I took Doe for a walk in the afternoon. She likes to go to the Corner Bookstore on Madison because the young writer who works there always gives her a treat. He spotted her immediately as we came in. She followed him into the back room, while I read the first few pages of Nadine Gordimer’s new one, and then the beginning of a memoir called “Wild.”

On the way out, I noticed a sign about a reading that was scheduled to happen later. “Poetry Tonight,” the sign said. I didn’t know who the poet was, but I decided to go on the spot. I love being read to. I love stories. I love writers. So I was already looking forward to the evening, walking home in the drizzle.

By 5:45, it was raining again. I hurried over to Corner Books under a black umbrella. The bookstore was already packed with a sharp looking crowd. I saw Doe’s friend, the young writer, standing behind a table of wine and cheese. One man was holding court. I heard him say he had just arrived from California. He was tan and looked very successful. I thought he was probably a publisher or an agent. But it turned out, he was the poet. I’m unfamiliar with tan poets who look so successful. The ones I know are a different sort. Not so tan, for one thing.

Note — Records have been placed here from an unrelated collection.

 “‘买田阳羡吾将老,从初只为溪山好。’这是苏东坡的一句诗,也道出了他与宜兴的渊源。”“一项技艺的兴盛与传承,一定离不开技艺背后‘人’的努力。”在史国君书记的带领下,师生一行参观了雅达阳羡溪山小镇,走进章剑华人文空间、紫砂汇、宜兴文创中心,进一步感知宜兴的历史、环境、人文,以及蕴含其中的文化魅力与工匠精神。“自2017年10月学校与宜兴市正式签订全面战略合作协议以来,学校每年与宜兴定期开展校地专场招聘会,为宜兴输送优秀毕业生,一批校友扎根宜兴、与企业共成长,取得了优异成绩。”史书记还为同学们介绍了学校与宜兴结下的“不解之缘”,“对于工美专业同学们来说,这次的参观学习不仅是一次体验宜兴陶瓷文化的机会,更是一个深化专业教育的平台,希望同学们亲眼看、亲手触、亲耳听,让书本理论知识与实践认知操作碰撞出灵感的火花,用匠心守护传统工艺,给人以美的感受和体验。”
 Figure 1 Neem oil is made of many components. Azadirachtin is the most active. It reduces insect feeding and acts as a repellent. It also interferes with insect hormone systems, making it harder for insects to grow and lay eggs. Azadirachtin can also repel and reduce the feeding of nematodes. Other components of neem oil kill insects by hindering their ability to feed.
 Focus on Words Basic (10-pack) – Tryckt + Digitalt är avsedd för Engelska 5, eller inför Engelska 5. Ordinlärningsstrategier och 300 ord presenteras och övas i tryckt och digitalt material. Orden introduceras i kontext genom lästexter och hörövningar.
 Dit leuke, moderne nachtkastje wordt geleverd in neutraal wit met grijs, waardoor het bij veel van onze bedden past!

I took a seat near the back, in the corner. As every seat filled, a woman about my age squeezed past to sit beside me. I learned she had been the stage manager for City Opera for twenty-three years. We got to talking about second chapters, about starting over. It seems to be a very common thing for many women in mid-life.

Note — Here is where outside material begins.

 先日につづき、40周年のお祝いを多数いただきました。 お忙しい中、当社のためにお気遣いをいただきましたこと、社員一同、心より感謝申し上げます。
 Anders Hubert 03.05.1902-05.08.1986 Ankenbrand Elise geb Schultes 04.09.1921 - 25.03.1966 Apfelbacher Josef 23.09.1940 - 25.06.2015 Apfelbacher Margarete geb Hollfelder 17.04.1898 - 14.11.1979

When the poet came over to greet my new friend, he introduced himself to me. He asked me if I was a singer, an opera singer, assuming I might be because I appeared to know this woman. I told him I was indeed a singer. But not an opera singer, no.

Soon he was being introduced, in the most generous way, by another man who seemed to know him well. The man’s eyes filled with tears describing a kindness the poet had shown him. Turned out this poet had also held a government office for a time. He’d wielded great power over other poets, other people in the arts. I grew suspicious of him then, because I’m suspicious of power and position. I can’t help it.

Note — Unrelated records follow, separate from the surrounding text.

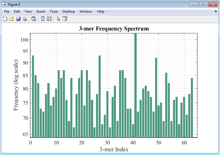 The results of the DNA sequencing analysis demonstrate the effectiveness of the proposed MATLAB-based framework in capturing both global and local genomic features. Nucleotide frequency analysis revealed that the introduced mutations caused subtle shifts in base composition, which were clearly visualized in the comparative bar plot. Sliding-window GC content profiles highlighted regional variations along the genome, with the mutated sequence exhibiting minor fluctuations relative to the original, confirming the sensitivity of the method to local changes [23]. Global alignment using the Needleman–Wunsch algorithm produced a detailed scoring matrix, showing high similarity along the diagonal and localized deviations corresponding to mutation sites. The alignment score quantitatively reflected the cumulative effect of point mutations on overall sequence similarity [24]. The mutation map provided a clear visualization of the spatial distribution of altered bases, enabling rapid identification of mutation hotspots and conserved regions. k-mer frequency analysis revealed recurring nucleotide patterns and structural motifs, with logarithmic scaling facilitating the detection of both abundant and rare subsequences.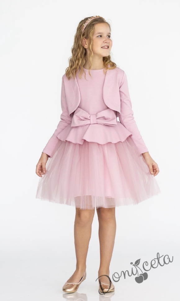 Начало МОМИЧЕТА Комплект от детска рокля с къс ръкав с тюл и панделка в розово и болеро Contrast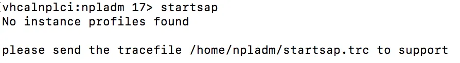 When you log in to your container and run startsap, the program will fail. It will report that no instance profiles were found.

But then he began to read his poems. The first couple had rhymes that distracted, but by the third, I was drawn in. Listening to his thoughts gleaned from loss, and hard won perspective, I was moved by his insights. He was a beautiful poet, it turned out. There was one about the nature of mature love. He was married to a woman named Mary, and had been for a long time. He and Mary had lost a child, he told us. The last poem he read was about the lost child, watching him grow up in the bodies of other children.

I bought two copies of his new book and stood on line to thank him. When I reached him, he said, “Would you like to make a record one day?” I said, “Yes, I would.”

No, I didn’t. That’s only what I wish I’d said. Instead, my ego kicked in and I defended my accomplishments, quickly and inadequately.

Then I walked home in the rain. I didn’t bother to open my umbrella. It wasn’t raining very hard. I was feeling the combination of having been moved, in this pure way, by the poetry I’d heard, and also the discomfort of having my ego triggered. It’s an unwieldy beast when awakened, my ego. It wants the world to take notice of me.

But most of the time, I am content to live my own reality, to document my own insights. The poet and I have this in common. Tan or winter-pale, it doesn’t matter. We’re both attempting to make sense of things. Ego is no help at all in this, and neither is the recognition of the world.